There’s 2 times in which you can run the defer block and its drop_important_buffer(…) call.

before the function returns and before important_func_needs_buffer(…);
or, before the function returns but after important_func_needs_buffer(…).

The problem becomes immediately apparent, here: if the defer runs before the expression in the return statement (before important_func_needs_buffer(…)), then you actually drop the buffer before the function has a chance to use it. That’s a one-way ticket to a use-after-free, or other extremely security-negative shenanigans. So, the only logical and plausible choice is to run the second option, which is that the defer block runs after the return expression is evaluated but before we leave the function itself.

This does frustrate some people, who want to use defer as a last-minute “return value change” like so:

int main (int argc, char* argv[]) {
	int val = 0;
	int* p_val = &val;
	defer {
		if ((argc % 2) == 0) {
			*p_val = 30;
		}
	}
	return val; // returns 0, not 30, even if argc is e.g. 2
}

But I value much more highly compatibility with existing practice (both __try/__finally and __attribute__((cleanup(…))))), compatibility with C++ destructors, and avoiding the absolute security nightmare.

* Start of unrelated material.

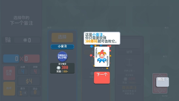 1、打开小丑牌等离子模组,开始游戏,你的目标是赚取筹码以击败敌方的盲注,下图是小盲注,你只需要获得300筹码就可以击败它。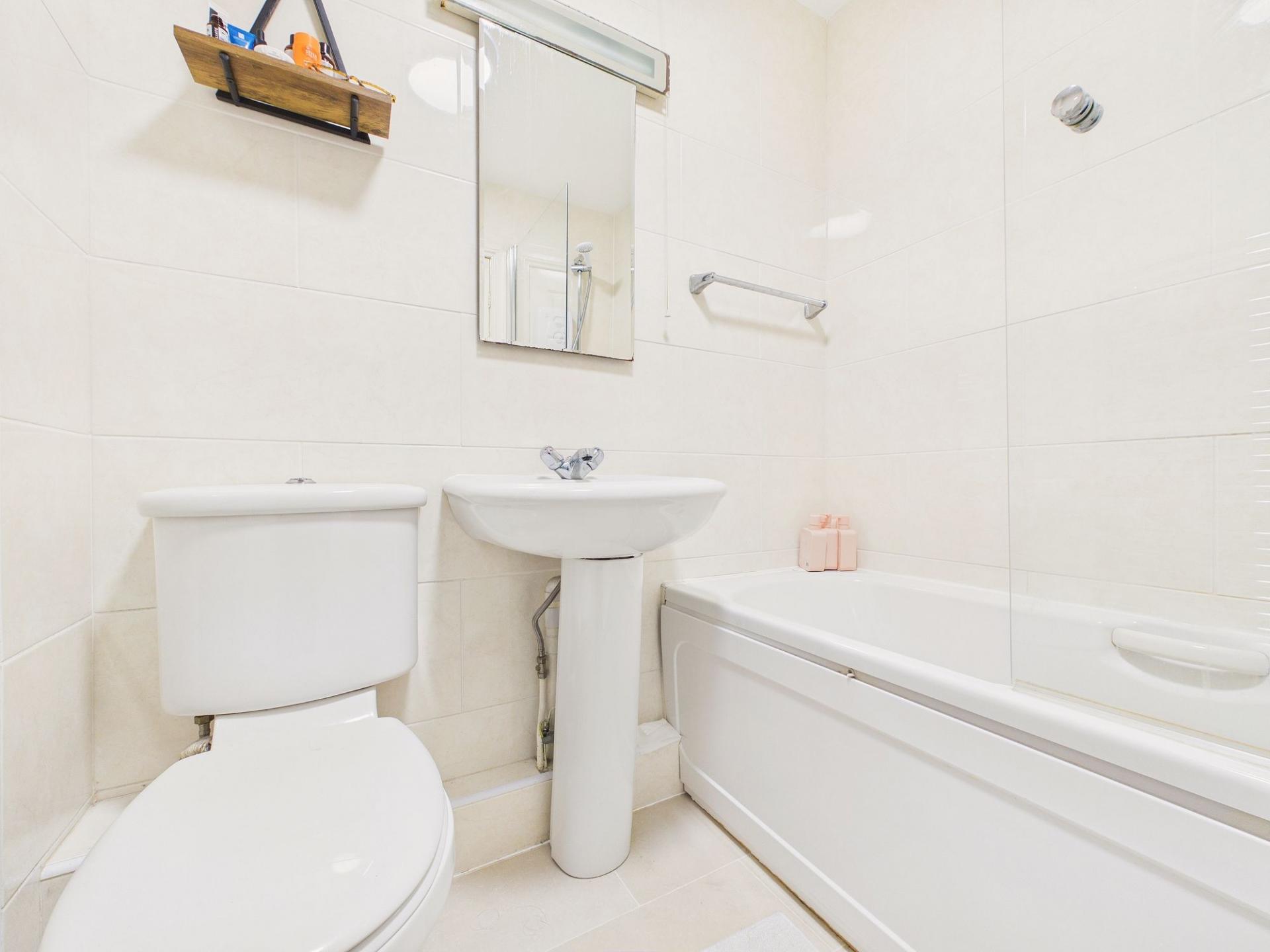 There are two generously sized double bedrooms, each offering comfortable living space, along with a bathroom fitted with a white suite and a shower facility over the bath.

If someone wants to evaluate the return expression but still modify the value, they can write a paper or submit feedback to implementations that they want defer { if (whatever) { return ...; } } to be a thing. That way, such a behavior is formalized. And, again, even if I don’t personally want to write code like this or see code like this, there’s still a detectable, tangible, completely well-defined behavior for what happens if a return is evaluated in a defer. This is also not nearly as complex as e.g. Go’s defer, because the defer TS uses a translation-time scoped defer.

It won’t result in “dynamically-determined and executed defer causes spooky action at a distance”. One would still need to be careful about having nested defers that also overwrite the return, or subsequent defers that attempt to change the return value. (One would also have to contend that every defer-nested return would need to have its expression evaluated, and potentially discarded, sans optimization to stop it.) Given needing to answer all of these questions, though, it is still icky and I’m glad we don’t have to go through with return (or goto or break or continue) within defer statements.

… What About Control Flow Outside of Compilation Time?

Run-time style control flow like longjmp, or similar _Noreturn/[[_Noreturn]]/[[noreturn]]-marked functions, are a-okay if they mimic the above allowed uses of goto. If it jumps out of the function entirely, or jumps into a previous scope but beyond the point where a defer would be, the behavior can end up undefined. That means use of functions like exit, quick_exit, or similar explicitly by the user may leak resources by not executing any currently open defer blocks. This is similar to C++, where calling any of the C standard library exit functions (and, specifically, NOT std::terminate()) means destructors will not get run. The only function that this is not fully true on is thrd_exit, as glibc has built-in behavior where thrd_exit will actually provoke unwinding of thread resources by calling destructors on that thread. (You can then use thrd_exit on the main thread, even in a single-threaded program, as a means to trigger unwinding; this is an implementation detail of glibc, though, and most other C standard libraries don’t behave like this.)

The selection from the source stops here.